Monday, May 23, 2022

Stolen History: When Thousands of brahmins were killed in wake of Gandhi’s death

It was early days in 1948. Around five months had passed since India gained independence. Mahatma Gandhi was distressed after witnessing the communal disharmony among Hindus and Muslims. And just like he used to extract concessions from Britishers, this time too, he decided to fast: No food or drink but “water with our without salts and sour lines” till he was satisfied “that there is no reunion of hearts of all the communities brought about without any outside pressure, but from an awakened sense of duty.”

Dressed as always in his homespun, sac-like dhoti, and leaning heavily on a staff of stout wood, it was 30th January when 78-year-old Gandhi was shot by Nathuram Godse in the luxurious gardens of Birla House in the presence of a thousand of his followers, whom he was leading to the little summer pagoda where it was his habit to make his evening devotions.

While the nation was mourning the death of Gandhi, the entire media and people missed out on the riots that took place in Bombay (Now Mumbai). With Gandhi’s death, Bombay saw death, destruction, and killings. Nathuram Godse happened to be a Maharashtrian Brahmin- of Chitpavan sub-caste, people took political advantage of the situation and engineered a cruel, cold-blooded genocide against Chitpavan Brahmins also known as Konkanastha Brahmin. 

(It’s a Hiindu Maharshtrian Brahmin community inhabiting Konkan, the coastal region of the state of Maharashtra, coastal and north region of Karnataka in India). 

Mobs of anarchists went berserk to commit indiscriminate massacres and bloodbaths to target innocent Brahmins to avenge the killing of Mahatma Gandhi, who swore by “Truth and Non-Violence” all his life. Brahmins were killed, Brahmin women were raped, shops and houses were set on fire, livelihood destroyed, and many Brahmins were forced to flee to save their lives and future. 

Mobs comprising allegedly Congress workers handpicked 15 Brahmins in Bombay to butcher them the same midnight. In Pune, 50 innocent Brahmins were slaughtered. A family in a remote village called Kapahare was burnt alive because their surname was Godse, although the family had no connection with Nathuram Godse.

The mob didn’t even spare the freedom fighter, Veer Savarkar, and attacked his residence. When they didn’t find him, they dragged his brother Narayan Rao Savarkar and his family out of the house and pelted stones on them. He succumbed to the injuries that he received that night. 

Brahmins who were wealthy migrated to the US and the other countries whereas those who couldn’t escape got located themselves in the different parts of India to save their coming generations.

On 5 February 1948, a Hindi daily, “Ushakal” from Jabalpur had reported, thousands of Brahmins were attacked in 400 villages of Satara district of Maharashtra. Their 1500 houses were burnt down. 

Estimates state that 8000 Brahmins were killed, with no particular number of how many were rendered homeless. 

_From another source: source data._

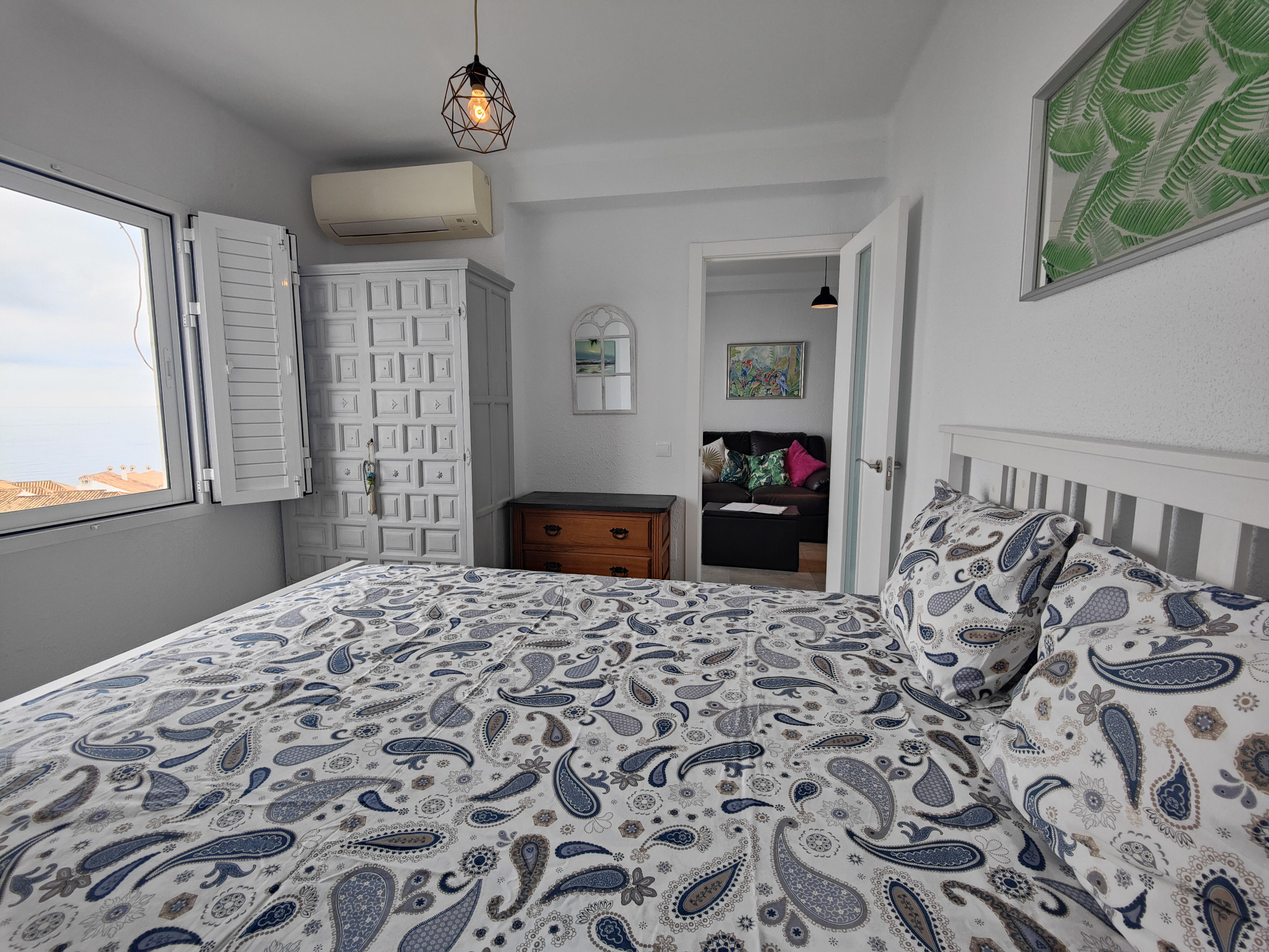 The master bedroom features a double bed and stunning sea views, while the second bedroom offers a single bed. All rooms, including the living room, are equipped with air conditioning for your comfort.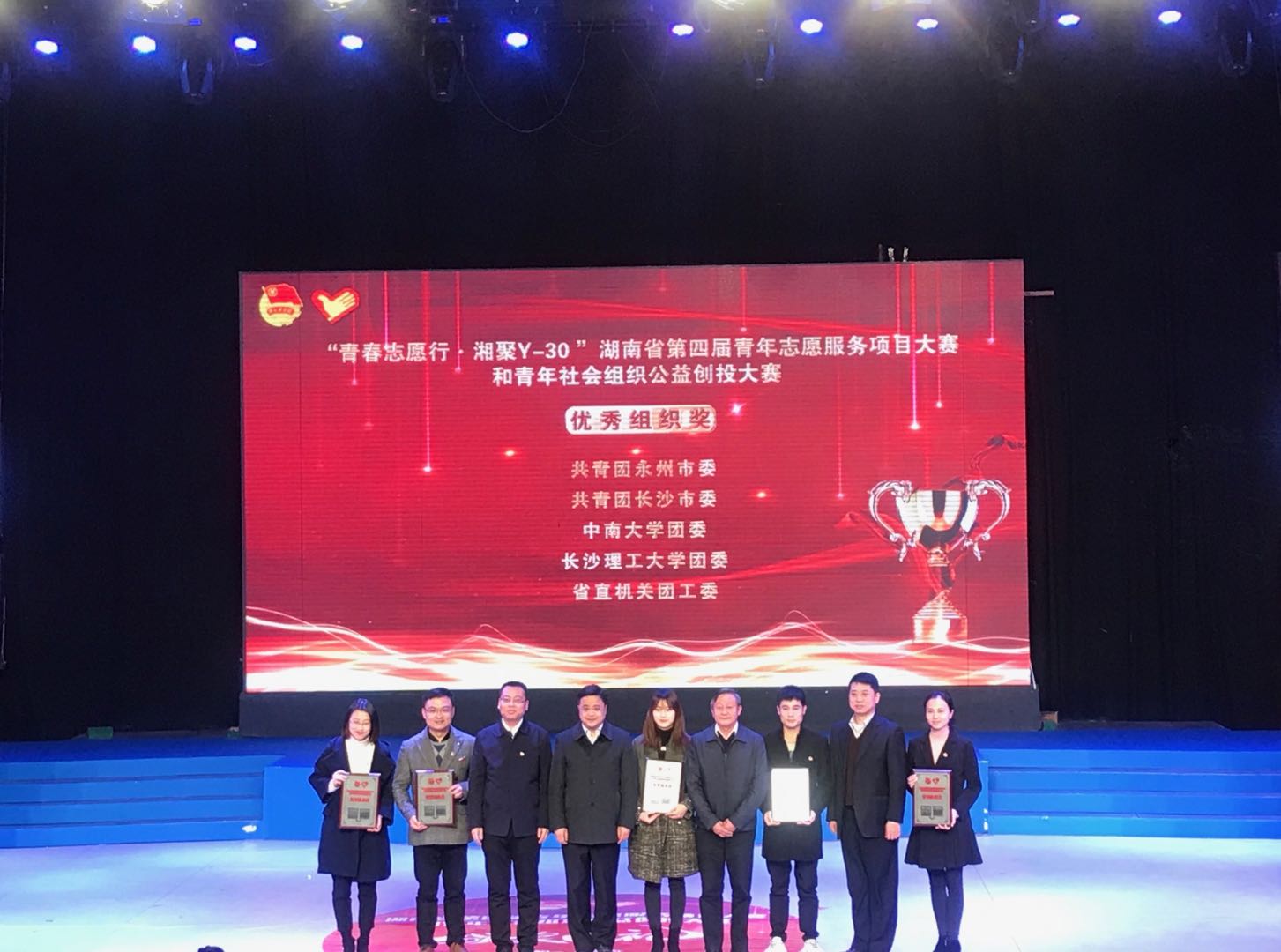 11月26-28日,由团省委联合文明办、省志工办等16个单位共同举办的以“青春志愿行·湘聚Y-30”为主题的湖南省第四届青年志愿服务项目大赛和青年社会组织公益创投大赛在湖南永州举行,经过网络评审、现场展示、专家问辩等环节的激烈角逐,世界杯官网获金奖4项,银奖7项,铜奖4项,同时我们同省直机关团工委、永州市团市委、长沙市团市委、中南大学团委一道获评优秀组织奖。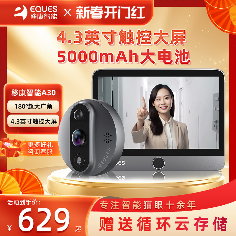 移康智能猫眼A30 可视门铃电子猫眼监控摄像头二合一手机远程防撬
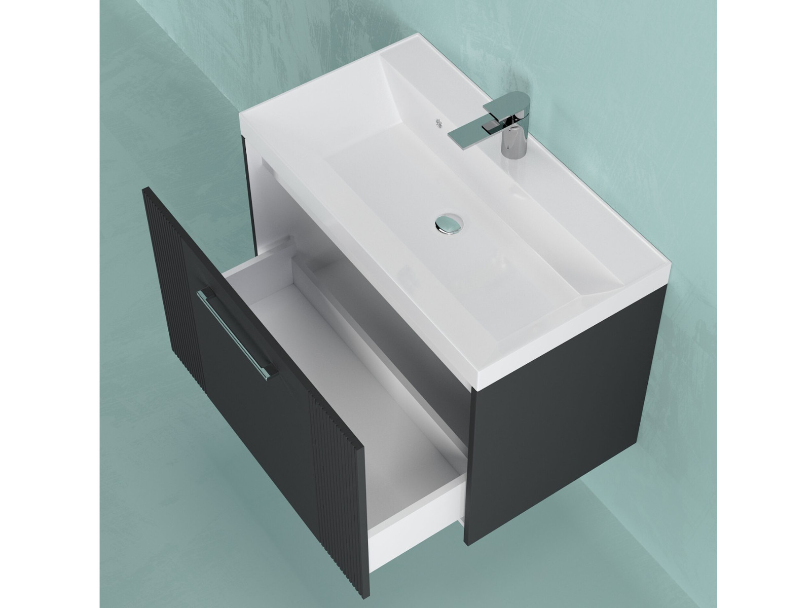 - Тумба Альба 60 подвесная 1 ящик раковина Океан 60 антрацит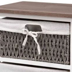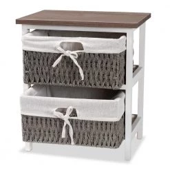 Add a touch of urban sophistication to your space with the stunning Terena storage unit. Made in China, this unit is comprised of a lightweight wood frame fitted with woven baskets. Two baskets expand the storage potential of any space while the rectangular tabletop acts as an eye-catching pedestal for decorative items. Comes fully assembled, the Terena utilizes fabric liners for a contemporary touch. A stylish and convenient upgrade to any space, the Terena storage unit is sure to leave an impression.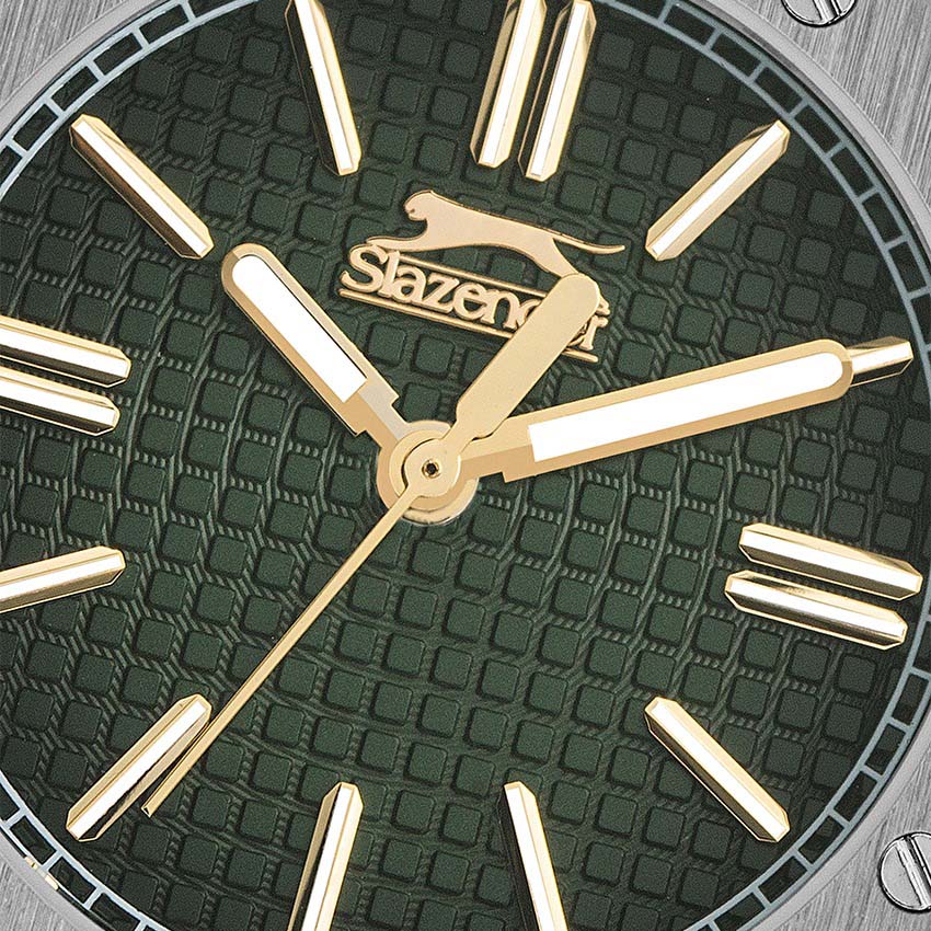 Женские кварцевые часы Slazenger SL.09.2306.3.02 — это элегантный и стильный аксессуар, идеально дополняющий любой образ. Корпус и браслет выполнены из суперметалла, защищён минеральным стекломМинеральное стеклоМинеральное стекло представляет собой искусственно выращенный минерал кварца. Такое стекло отличается особой устойчивостью к повреждениям и царапинам. Уступает по некоторым качествам сапфировому стеклу.. Циферблат зелёного цвета оформлен в классическом стиле, стрелки оснащены люминесцентным покрытиемЛюминесцентное покрытиеПозволяет считывать показания времени в темноте. Производители наносят на стрелки, часовые индексы, безель или поверхность циферблата светонакопительный состав, дающий холодное свечение., обеспечивающим хорошую читаемость в темноте. Заводная головка снабжена защитой для повышения надёжности. Браслет из суперметалла фиксируется на раскладной застёжкеРаскладная застёжкаТакой тип застёжки используется только на браслетах из металла. Она никогда не раскрывается полностью, происходит разделение на 2 и более частей. Раскладывающая застёжка снизит вероятность потери часов к минимуму., обеспечивая удобство и безопасность ношения. Водонепроницаемость 30 м позволяет использовать часы в повседневных условиях, защищая от случайных брызг и капель дождя. Модель сочетает в себе лёгкость, прочность и изысканный внешний вид.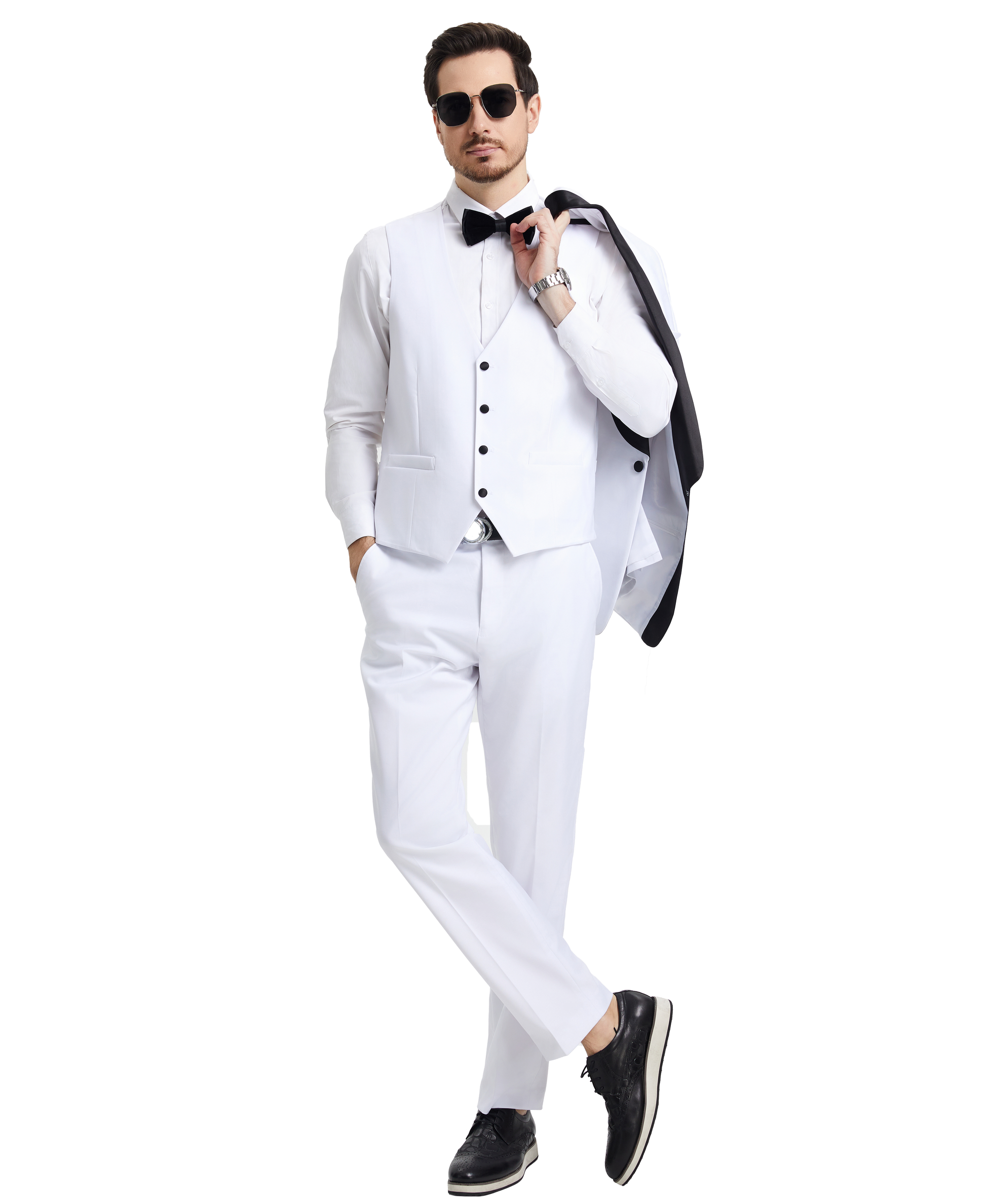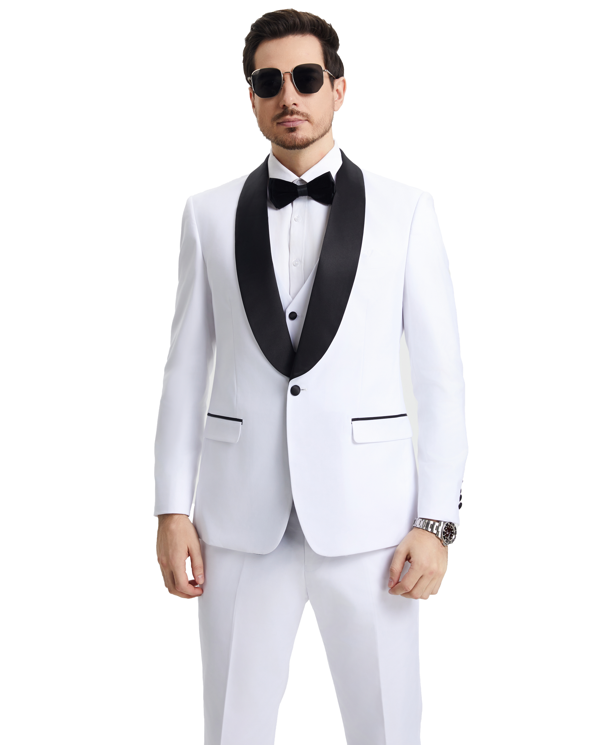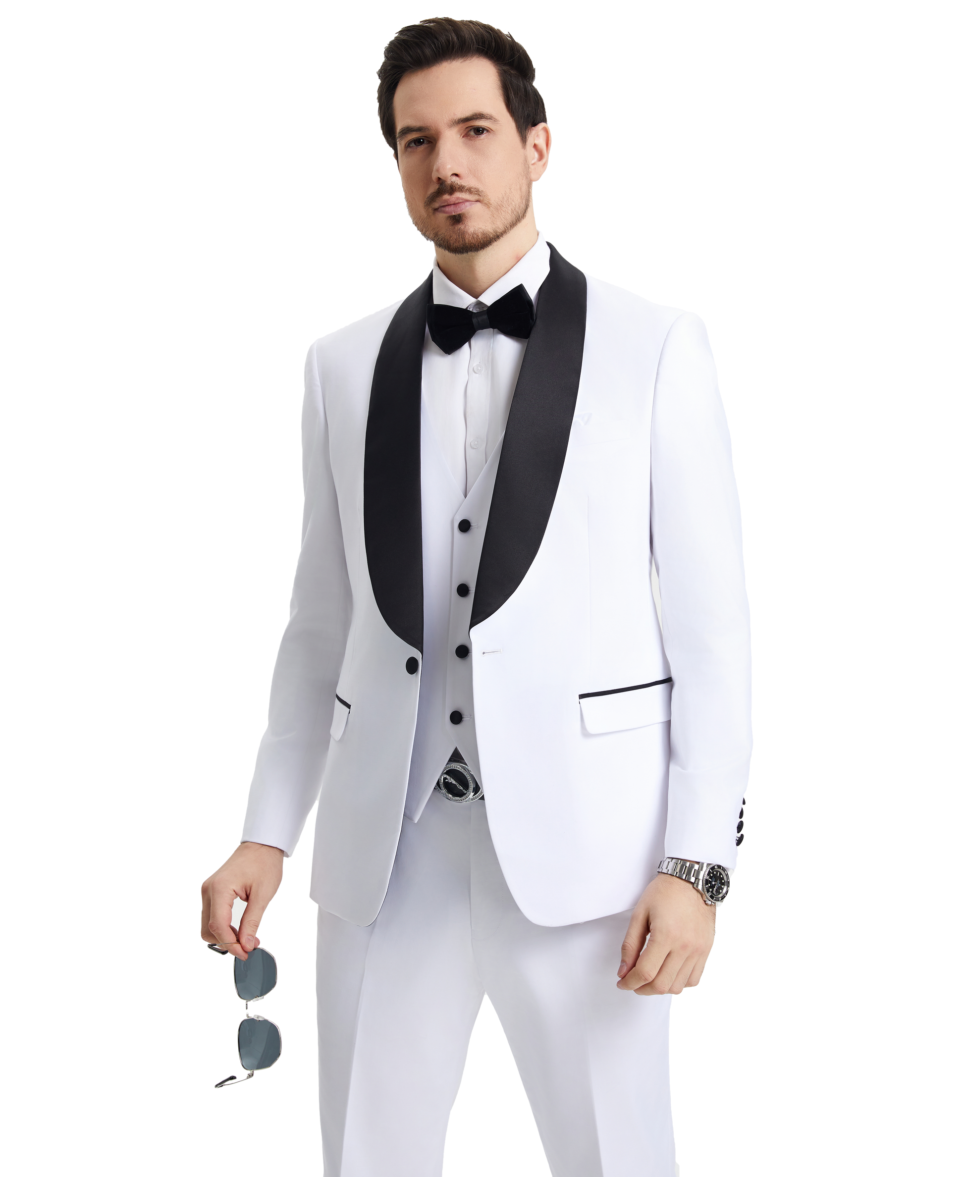 Introducing the Stacy Adams Hybrid-Fit Vested Tuxedo in Snow White, a pinnacle of timeless beauty and modern style. Crafted with care, this 3-piece suit will make a lasting impression at any formal occasion, be it a wedding, a black-tie gala, or any special event. It features a refined single-button fastening, a luxurious satin-black shawl collar, and pristine snow-white color for a timeless aesthetic. This timeless look is enhanced by its hybrid fit that combines modern tailoring and comfort, a flat front pant for a sleek look, and a versatile five-button vest. Plus, it includes valuable size options and unhemmed pants for customization. Make a statement with the Stacy Adams Snow White Tuxedo and enjoy Stacy Adams' renowned quality and style. Shop now to sparkle at your next event!

Now the question comes how did these rioters communicate with each other in such a short period and that too when the households hardly had a landline, phone, or anything. Social media wasn’t even a thing then. 

Wasn’t then Prime Minister Jawahar Lal Nehru aware of the death, destruction, and despair committed against Brahmins in Maharashtra? 

Of course, he had full knowledge about the brutal atrocities inflicted upon innocent Brahmins. That RSS was blamed even without any evidence was fatal. Nehru was relentless in his condemnation of the RSS. He repeatedly warned the chief ministers that they must not let down their guard. 

Such were his words: “It would appear that a deliberate coup d’etat was planned involving the killing of several persons and the promotion of general disorder to enable the particular group concerned (RSS) to seize power” 

Is it still a puzzle why this massacre is not in the public mindscape given how doctored India’s media, academia and historians have been. Indeed, foreign newspapers such as The New York Times, the Washington Post etc reported it. The Washington Post reported that no one looked into the killings of Chitpavan Brahmins just because Another important point that is worth attention is the massacre that is as equally intense as the 1984 massacre was not reported by any Indian media and that too when foreign newspapers including The New York Times, The Washington Post reported that no one looked into the killings of Chitpavan Brahmins just because they happened to be the caste men of Godse. The incident was conveniently flushed down the history drain. 

Each year, the country mourns the death of Gandhi – all political parties, by every political leader but unfortunately, no one, even today, dares to talk about the incident. For HinduLivesDon’tMatter.